___ AVAILABLE DATA

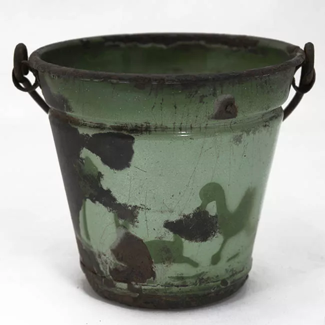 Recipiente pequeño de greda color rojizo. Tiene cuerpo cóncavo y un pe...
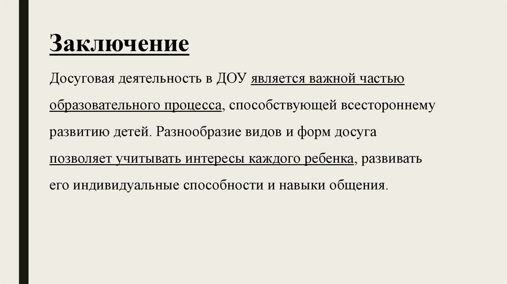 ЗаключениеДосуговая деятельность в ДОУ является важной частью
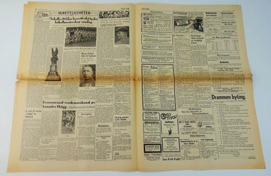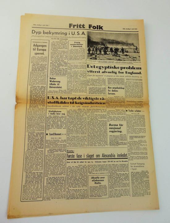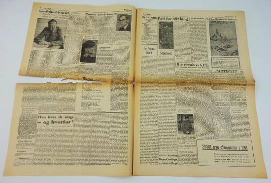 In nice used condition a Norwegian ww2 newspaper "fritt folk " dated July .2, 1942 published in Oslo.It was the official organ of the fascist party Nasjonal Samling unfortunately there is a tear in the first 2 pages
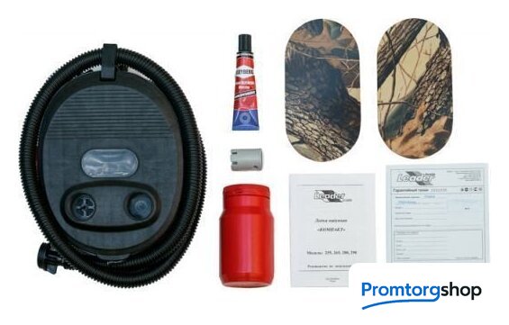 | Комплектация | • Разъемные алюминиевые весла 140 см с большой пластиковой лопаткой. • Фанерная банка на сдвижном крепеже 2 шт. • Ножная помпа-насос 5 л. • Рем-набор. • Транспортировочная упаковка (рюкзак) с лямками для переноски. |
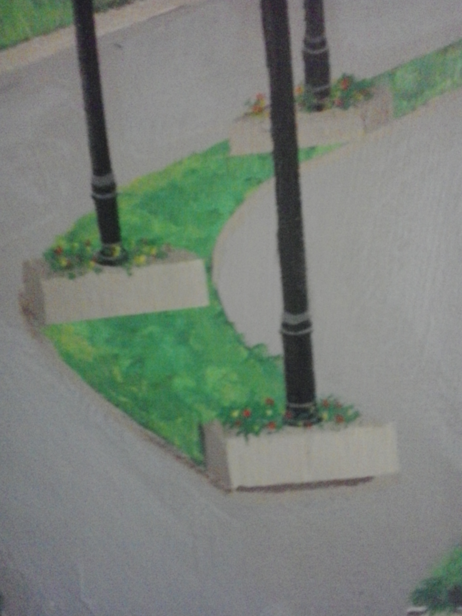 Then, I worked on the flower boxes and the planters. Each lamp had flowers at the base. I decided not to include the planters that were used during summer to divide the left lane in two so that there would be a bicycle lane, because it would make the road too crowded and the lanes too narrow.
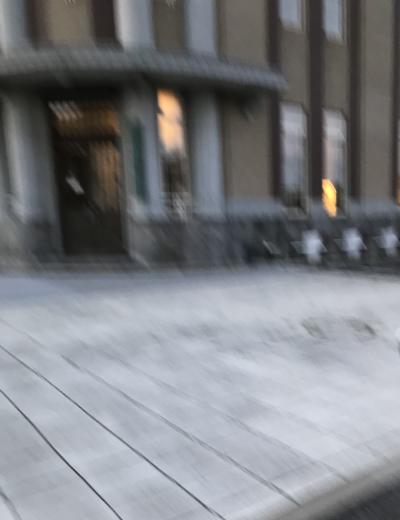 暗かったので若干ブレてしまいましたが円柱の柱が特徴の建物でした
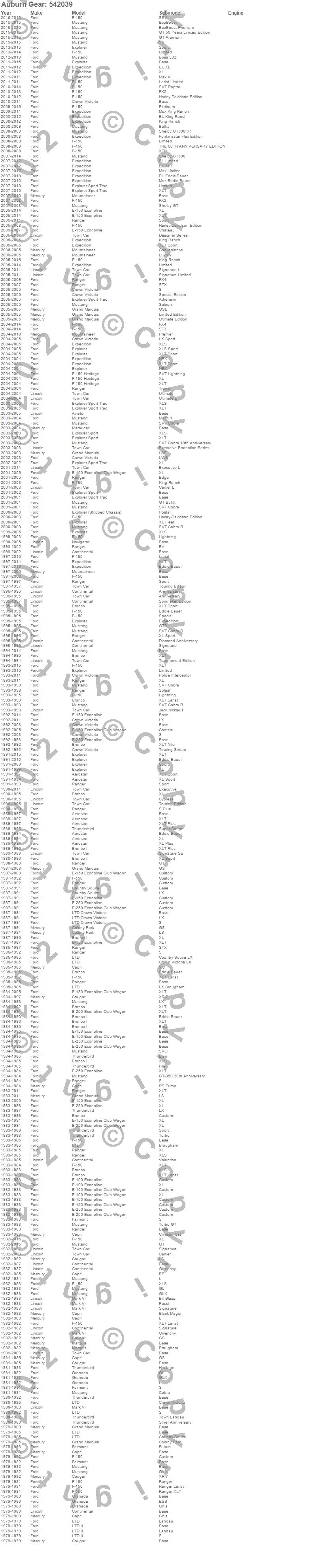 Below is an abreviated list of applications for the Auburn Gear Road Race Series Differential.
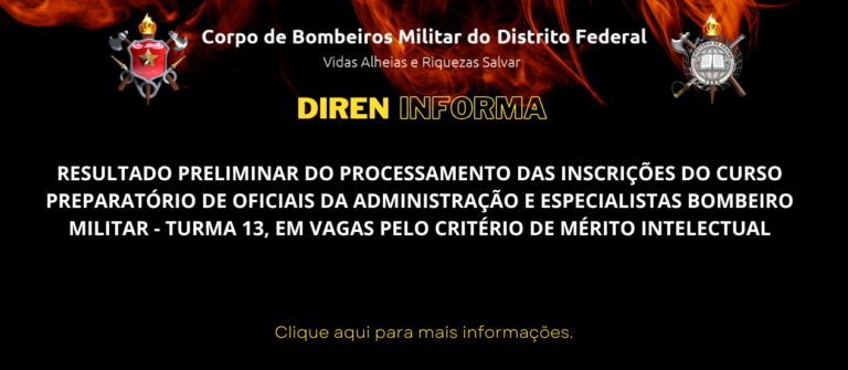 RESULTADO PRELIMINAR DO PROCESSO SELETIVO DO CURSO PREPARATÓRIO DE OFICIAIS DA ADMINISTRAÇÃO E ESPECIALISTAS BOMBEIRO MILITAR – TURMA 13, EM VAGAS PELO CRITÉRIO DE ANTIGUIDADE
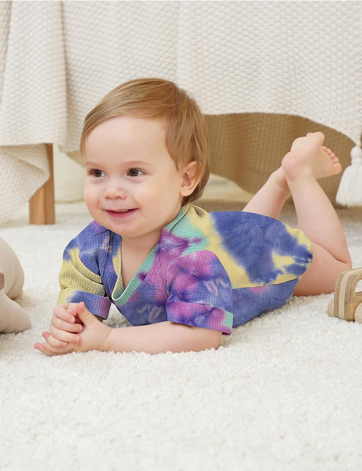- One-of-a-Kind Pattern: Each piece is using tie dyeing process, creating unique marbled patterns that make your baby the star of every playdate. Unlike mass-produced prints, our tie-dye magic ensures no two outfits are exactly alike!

______

_TASK OBJECTIVE_: Output all the data, exactly, without images.

_EXPECTED OUTPUT_:
 Recipiente pequeño de greda color rojizo. Tiene cuerpo cóncavo y un pe...
 ЗаключениеДосуговая деятельность в ДОУ является важной частью
 In nice used condition a Norwegian ww2 newspaper "fritt folk " dated July .2, 1942 published in Oslo.It was the official organ of the fascist party Nasjonal Samling unfortunately there is a tear in the first 2 pages
 | Комплектация | • Разъемные алюминиевые весла 140 см с большой пластиковой лопаткой. • Фанерная банка на сдвижном крепеже 2 шт. • Ножная помпа-насос 5 л. • Рем-набор. • Транспортировочная упаковка (рюкзак) с лямками для переноски. |
 Then, I worked on the flower boxes and the planters. Each lamp had flowers at the base. I decided not to include the planters that were used during summer to divide the left lane in two so that there would be a bicycle lane, because it would make the road too crowded and the lanes too narrow.
 暗かったので若干ブレてしまいましたが円柱の柱が特徴の建物でした
 Below is an abreviated list of applications for the Auburn Gear Road Race Series Differential.
 RESULTADO PRELIMINAR DO PROCESSO SELETIVO DO CURSO PREPARATÓRIO DE OFICIAIS DA ADMINISTRAÇÃO E ESPECIALISTAS BOMBEIRO MILITAR – TURMA 13, EM VAGAS PELO CRITÉRIO DE ANTIGUIDADE
- One-of-a-Kind Pattern: Each piece is using tie dyeing process, creating unique marbled patterns that make your baby the star of every playdate. Unlike mass-produced prints, our tie-dye magic ensures no two outfits are exactly alike!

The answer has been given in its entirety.